HER2 Signaling Beckons: Dimerization Process, Combination Therapies Highlight New Research

The first drug that successfully targeted the HER2 pathway in cancer treatment generated much excitement.

HER2 Pathway

HER2 Pathway. Click to enlarge.

The first drug that successfully targeted the HER2 pathway in cancer treatment generated much excitement. In an unprecedented break from the typically sober language of scientific journals, the breast cancer drug Herceptin (trastuzumab) was touted as “a dramatic and perhaps permanent perturbation in the history of the disease, maybe even a cure” in a 2005 New England Journal of Medicine commentary on pivotal trial results.

Since its approval in 1998, Herceptin, which targets the HER2 protein, has become one of the most common therapeutic agents used in the treatment of breast cancer. Now, researchers are seeking to build upon the drug’s success by exploring its potential in combination therapy, sharpening the methods of identifying HER2 overexpression, and developing biomarkers to better identify patients who would benefit from the therapy.

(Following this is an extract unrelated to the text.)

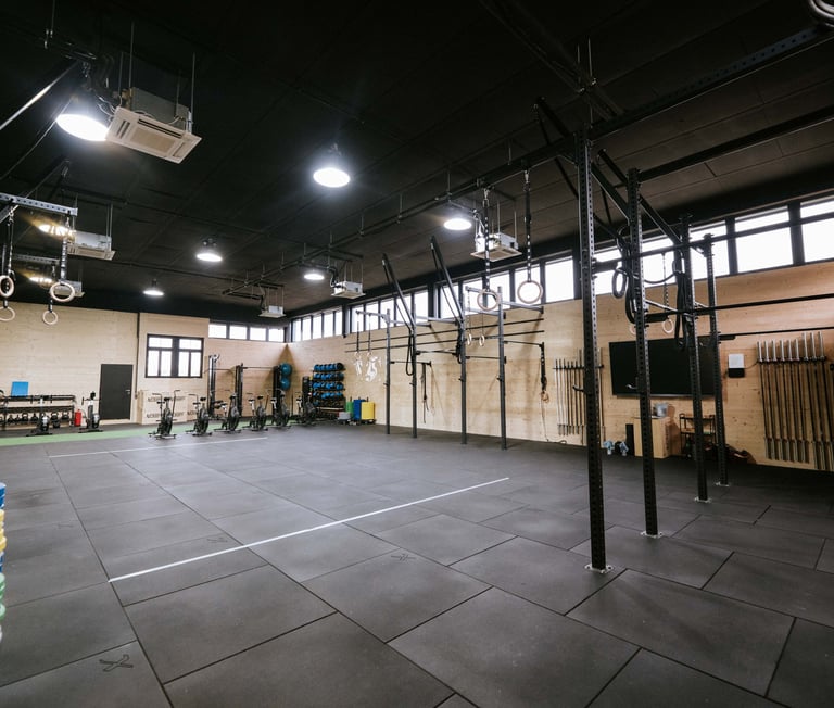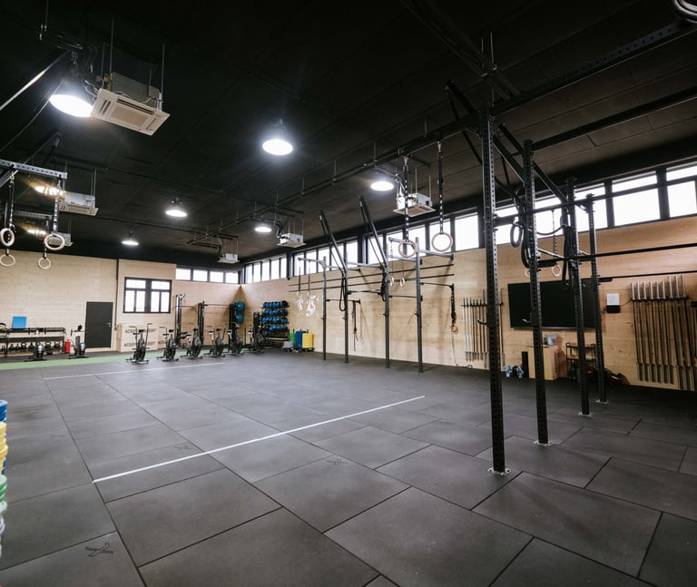 Moderne Therapieräume sowie eine großzügige Trainingsfläche mit Equipment für effektives Krafttraining, Funktionelles Training und leistungsorientiertes Athletiktraining.
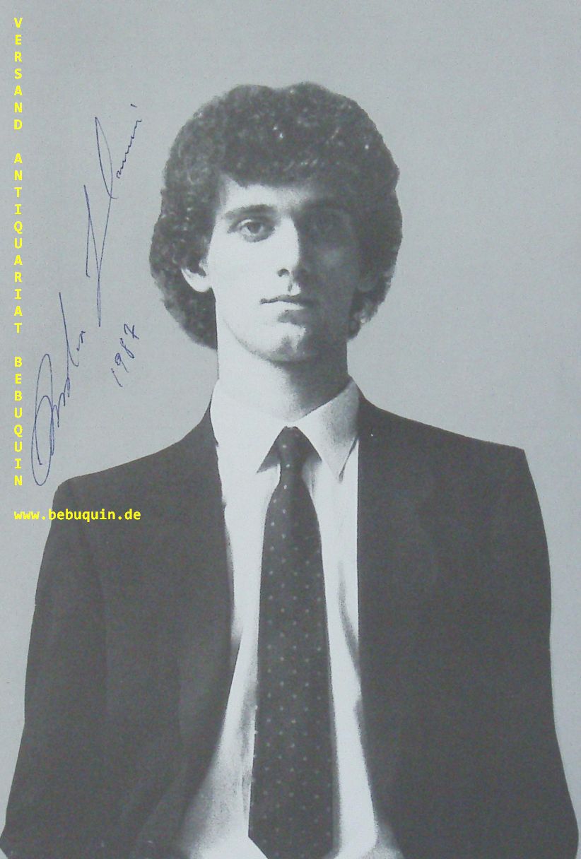 LUCCHESINI, Andrea (Pianist): eigenhändig signierte und datierte Portraitseite. München (Herkulessaal), 1987. 21 x 14 cm. 1 Bl. Andrea Lucchesini (* 1965 in Massa e Cozzile) ist ein italienischer Pianist. (Wikipedia)

How the HER2 Pathway Functions

HER2 is a member of the human epidermal growth factor receptor (EGFR) family, along with 3 other proteins: HER1 or EGFR, HER3, and HER4, all of which are receptor tyrosine kinases that feed into a complex biological signaling network controlling numerous cellular processes, including proliferation, survival, differentiation, angiogenesis, invasion, and metastasis.

Dimerization, the process through which two receptors such as HER2 join, plays a crucial role in receptor signaling. Multiple ligands bind to the different HER receptors with different binding specificity, exposing an extracellular dimerization domain and enabling 1 receptor molecule to pair with another.

The paired receptor molecules phosphorylate one another on tyrosine residues on their intracellular domains. The activated receptors are then able to bind to intracellular signaling molecules and initiate a variety of signaling pathways, including the phosphatidylinositol 3-kinase/protein kinase B (PI3K/Akt) pathway.

HER2 has no known ligand, and therefore relies for activation on heterodimerization with other HER receptors, or homodimerization with itself when it is expressed at very high levels on the cell surface. The HER2 receptor remains in a constitutively active conformation. Consequently, HER2 is the preferred partner for other members of the HER family.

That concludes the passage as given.